Menurut Hasto, apa yang terjadi di Gaza adalah sebuah kejahatan kemanusiaan yang terang-terangan bertentangan dengan nilai-nilai dasar bangsa Indonesia. Pancasila, sebagai ideologi negara, mengajarkan tentang kemanusiaan yang adil dan beradab, serta perdamaian abadi. Oleh karena itu, Indonesia memiliki tanggung jawab moral untuk tidak tinggal diam.
Peran aktif Indonesia dalam mendorong dialog dan perdamaian menjadi sangat krusial. Tujuannya adalah untuk menjamin kemerdekaan penuh bagi rakyat Palestina, sebuah cita-cita yang telah lama diperjuangkan oleh bangsa Indonesia sejak era Bung Karno. Ini adalah wujud nyata dari politik luar negeri bebas aktif yang dianut Indonesia.
Hasto menegaskan bahwa Pancasila sebagai ideologi dunia harus menjadi landasan bagi Indonesia untuk berperan aktif menghentikan kejahatan kemanusiaan. Lebih dari itu, Indonesia diharapkan mampu memimpin dialog menuju perdamaian di Gaza, demi terwujudnya kemerdekaan Palestina yang seluas-luasnya. Ini adalah panggilan sejarah dan moral bagi bangsa ini.
PDIP sebagai Partai Penyeimbang: Apresiasi dan Catatan Kritis
Meskipun memberikan apresiasi yang signifikan terhadap capaian di bidang luar negeri, PDIP tidak lantas menutup mata terhadap isu-isu domestik. Hasto Kristiyanto menekankan bahwa sebagai partai penyeimbang, PDIP akan terus memberikan masukan secara komprehensif terhadap kebijakan pemerintah. Peran ini penting untuk memastikan setiap program benar-benar menyentuh kepentingan rakyat.
Partai penyeimbang memiliki fungsi krusial dalam sistem demokrasi. Mereka bertugas mengawasi jalannya pemerintahan, memberikan kritik konstruktif, dan menawarkan solusi alternatif. Ini adalah mekanisme checks and balances yang sehat, memastikan tidak ada kekuasaan yang absolut dan kebijakan yang melenceng dari kepentingan publik.
Hasto menjelaskan bahwa Fraksi PDIP di parlemen akan secara aktif memberikan masukan dan kritik terhadap program-program yang bersifat kerakyatan. Mereka akan mengevaluasi pelaksanaan kebijakan yang perlu ditingkatkan, memastikan bahwa setiap anggaran dan program pemerintah benar-benar berpihak kepada rakyat kecil. Ini mencakup berbagai sektor, mulai dari ekonomi, pendidikan, kesehatan, hingga kesejahteraan sosial.

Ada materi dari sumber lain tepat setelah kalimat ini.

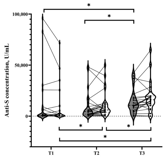 For the control group, the anti-S antibody titers of the maternal and cord blood were significantly higher in the T3 group (median 10,442.00 U/mL, IQR 9535.00–13,033.00 U/mL for maternal plasma; median 14,999.00 U/mL, IQR 12,085.00–19,042.00 U/mL for cord plasma) than in the T1 (median 264.15 U/mL, IQR 56.60–1075.98 U/mL for maternal plasma, p value < 0.001; median 269.80 U/mL, IQR 75.54–1819.75 U/mL for cord plasma, p value < 0.001) and T2 (median 2035.50 U/mL, IQR 1070.93–4912.75 U/mL for maternal plasma, p value < 0.001; median 5937.50 U/mL, IQR 2932.33–11,280.75 U/mL for cord plasma, p value = 0.006) groups, as shown in Figure A1a. However, the significance of the vaccination trimester regarding the anti-S antibody titers of maternal or cord blood was diminished in the case group (Figure A1b), which suggests a prominent impact of recent COVID-19 on the anti-S antibody titers (Tables S1 and S2).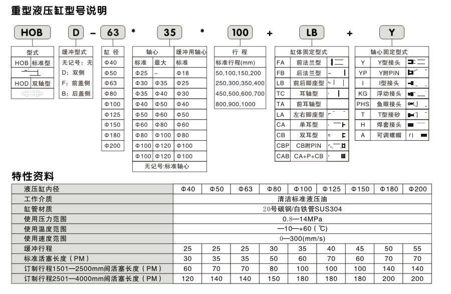 4)按照以上三條,可按照以下HOB油缸型號(hào)說明,明確您需要的型號(hào);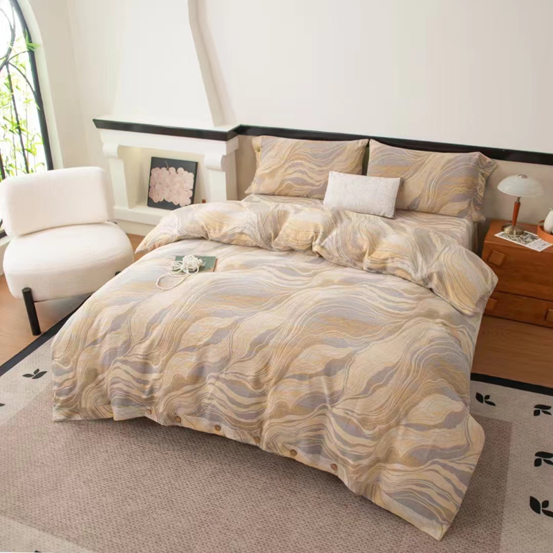 双层纱家居 2024新款双层纱四件套 水墨米黄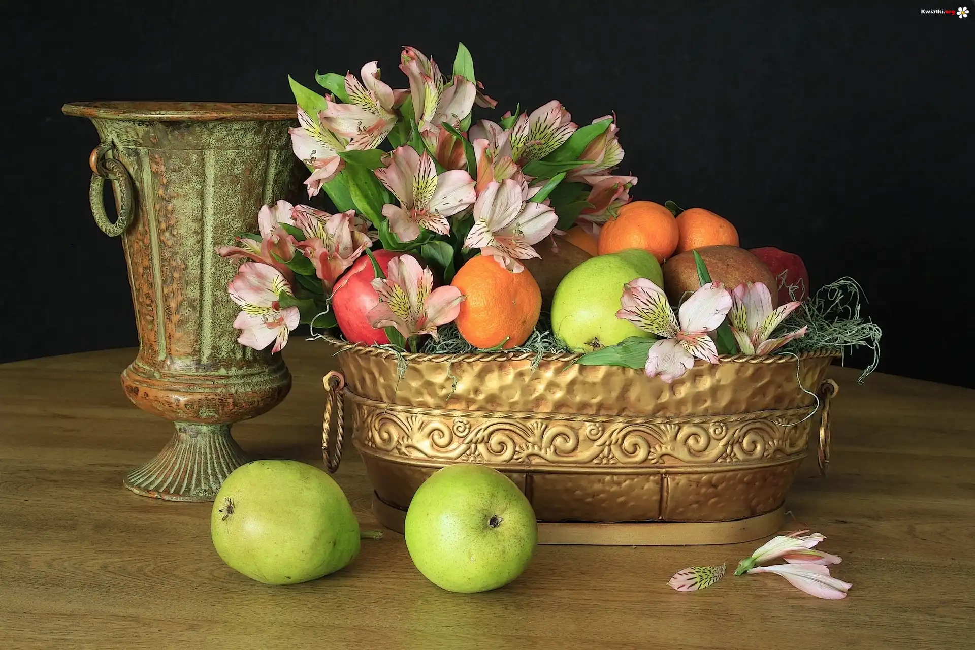 Kwiat Martwa natura, Mosiężne, Wazy, Kwiaty, Alstremeria, Owoce
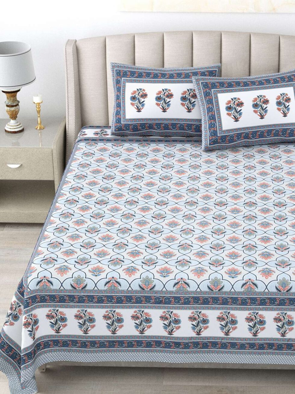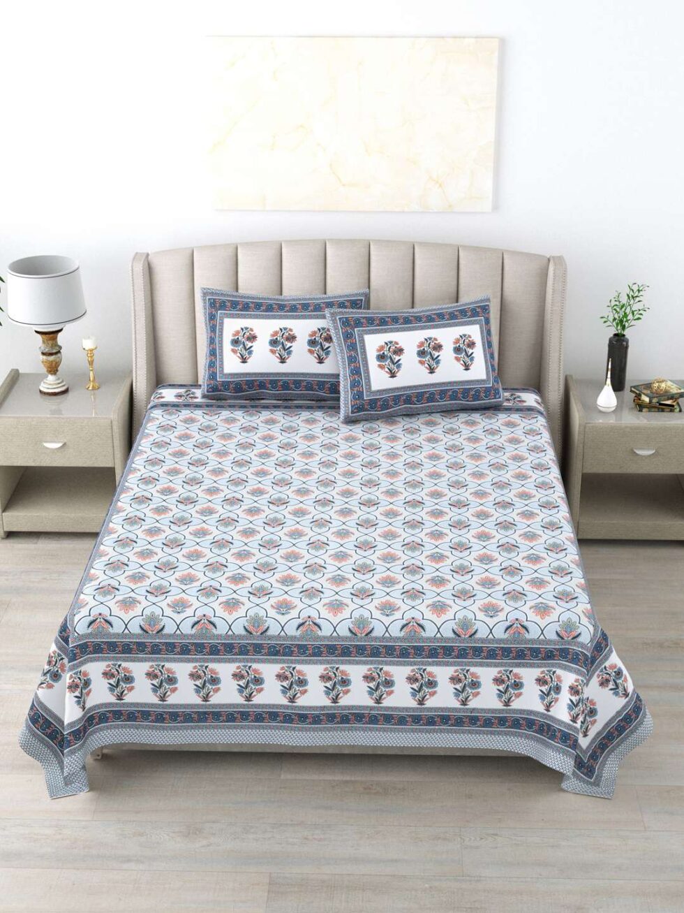 100% Pure Cotton Traditional Printed Bedsheet for Double Bed King Size Bedsheet with 2 Pillow Covers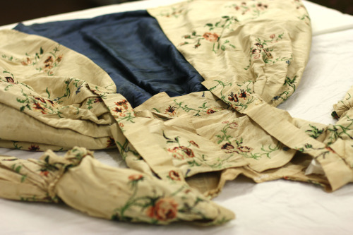 You could say I am over the moon about this overdress (HA! see what I did there?). I dont have too much information on this piece other than it is very clearly 18th century, and came from a family that had deep roots in the nearby Mohawk Valley. This overskirt has an underskirt in a lovely pink color. The silk is in amazing condition. I expected old silk to be very delicate, but this seems much sturdier than many of our late 19th/ early 20th century pieces. I assume this has something to do with how the silks were treated as chemical processes and dyes changed.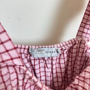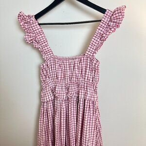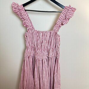 – Gingham printed midi dress w/ side seam slits and ruffle sleeves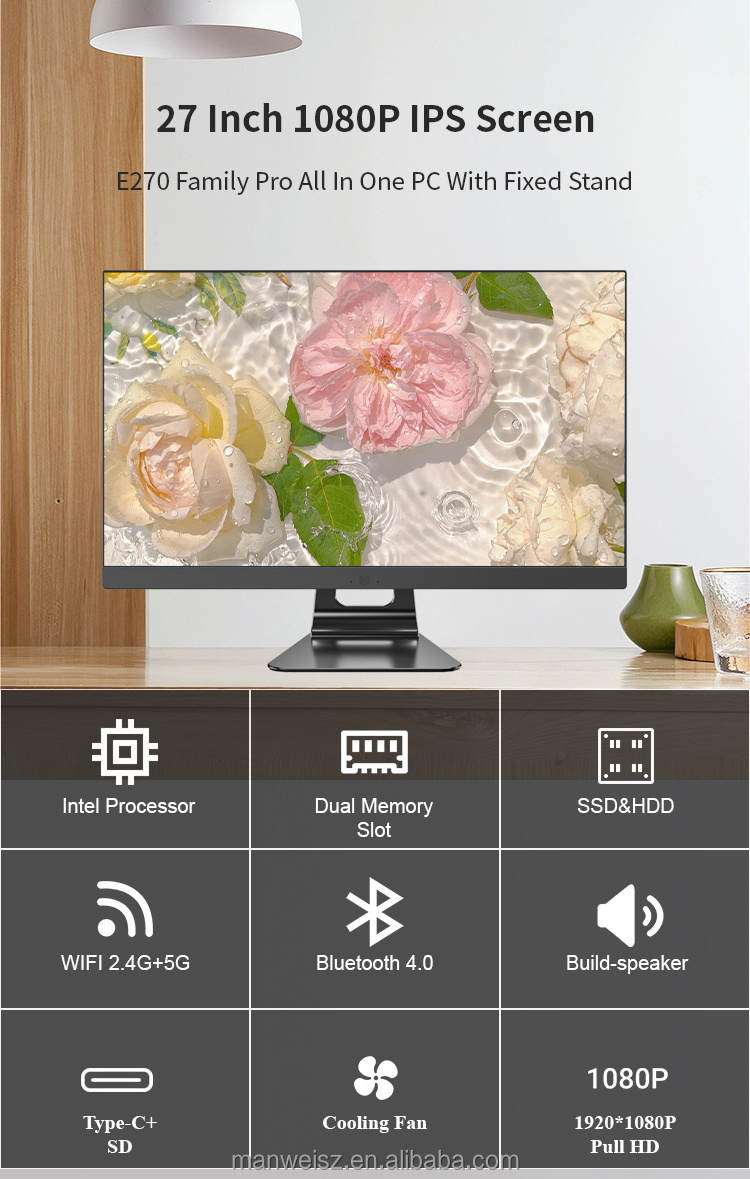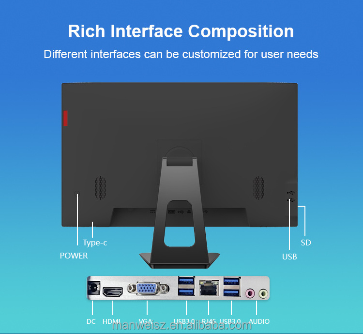 Built-in UPS Battery Optional, Super Thin Bezel-less LCD, Webcam+Mic, Fast Assemble Structure, Internal Shielding Case, Height Adjustable Stand Optional, Seperate CPU cooler vent-pipe, Suitable for high-end business office, government department, education etc.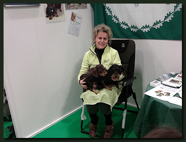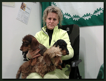 | Am Freitag, dem 27.01.2012 haben die "Waldhöher" auf der "Grünen Woche" in Berlin die Rasse Teckel unter Federführung des Verbandes für das Deutsche Hundewesen präsentiert. Seit vielen Jahren in Folge stellen sich die Rasseverteter den Fragen des interessierten Publikums. Hierzu gehört die Präsentation im Vorführring mit entsprechenden Erläuterungen zur Entwicklung und Verwendung der Rasse. Außerdem wurde zu einem späteren Zeitpunkt von mir an einem meiner Hunde erklärt, worauf bei der Fell- und Körperpflege eines Teckels zu achten ist. Die Popularität und Beliebtheit der Teckel hat bei den Besuchern keinen Abbruch genommen, ganz im Gegenteil, Dank ausführlicher Medienberichte war das Interesse und das Wissen um die Rasse gestiegen, so daß der Teckelstand immer dicht umlagert war. Die "Waldhöher" waren mit Vertretern der Rasse Kaninchenteckel vor Ort und dies in zwei Haararten, Rauhhaar und Kurzhaar. Seit einigen Monaten bereichert nämlich ein Kurzhaar-Kaninchenteckel Mädchen das kleine Rudel. Wir waren bemüht, ein breites Farbspektrum dem Besucher zu präsentieren, da den meisten Interessenten nur saufarbene Vertreter in "Normalgröße" geläufig waren. Somit kam natürlich immer wieder der Ausruf verbunden mit der Frage: "Ach wie niedlich, wie groß werden die denn, wenn sie erwachsen sind?". Das Erstaunen war groß, wenn gesagt wurde, daß bis auf einen 5 monatigen Welpen alle Hunde bereits das "Endmaß" erreich hätten. Als "Beratungsmuster" hatten wir somit im Rauhhaarbereich einen schwarz-roten, zwei braune und einen roten Teckel mit vor Ort. |

Dengan demikian, sikap PDIP ini menunjukkan kedewasaan berpolitik. Mereka mampu memisahkan antara apresiasi terhadap capaian positif di satu sisi, dengan kewajiban untuk tetap kritis dan mengawasi di sisi lain. Ini adalah bentuk komitmen PDIP terhadap pembangunan bangsa yang berkelanjutan dan berkeadilan, sesuai dengan ideologi dan platform partai.
Pernyataan Hasto Kristiyanto ini juga bisa diartikan sebagai sinyal positif dalam dinamika politik nasional. Meskipun memiliki perbedaan pandangan dalam beberapa aspek, adanya titik temu dan apresiasi terhadap kinerja pemerintah menunjukkan adanya ruang untuk kolaborasi demi kepentingan bangsa. Ini penting untuk menjaga stabilitas politik dan fokus pada pembangunan.

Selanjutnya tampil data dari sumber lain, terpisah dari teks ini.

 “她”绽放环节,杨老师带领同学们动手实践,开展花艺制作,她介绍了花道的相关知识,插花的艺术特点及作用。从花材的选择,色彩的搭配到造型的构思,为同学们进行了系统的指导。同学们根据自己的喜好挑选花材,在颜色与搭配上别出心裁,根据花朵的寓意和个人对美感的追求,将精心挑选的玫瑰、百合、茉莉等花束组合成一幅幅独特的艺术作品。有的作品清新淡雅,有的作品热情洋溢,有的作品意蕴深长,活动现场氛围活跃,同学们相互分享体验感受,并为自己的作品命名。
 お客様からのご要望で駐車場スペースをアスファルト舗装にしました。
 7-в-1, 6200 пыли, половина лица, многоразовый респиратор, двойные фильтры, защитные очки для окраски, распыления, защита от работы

Ke depan, publik tentu akan menantikan bagaimana PDIP akan menjalankan perannya sebagai partai penyeimbang. Apakah kritik yang disampaikan akan selalu konstruktif dan solutif? Dan bagaimana pemerintah akan merespons masukan-masukan tersebut? Semua ini akan menjadi bagian dari perjalanan demokrasi Indonesia di bawah kepemimpinan Prabowo-Gibran.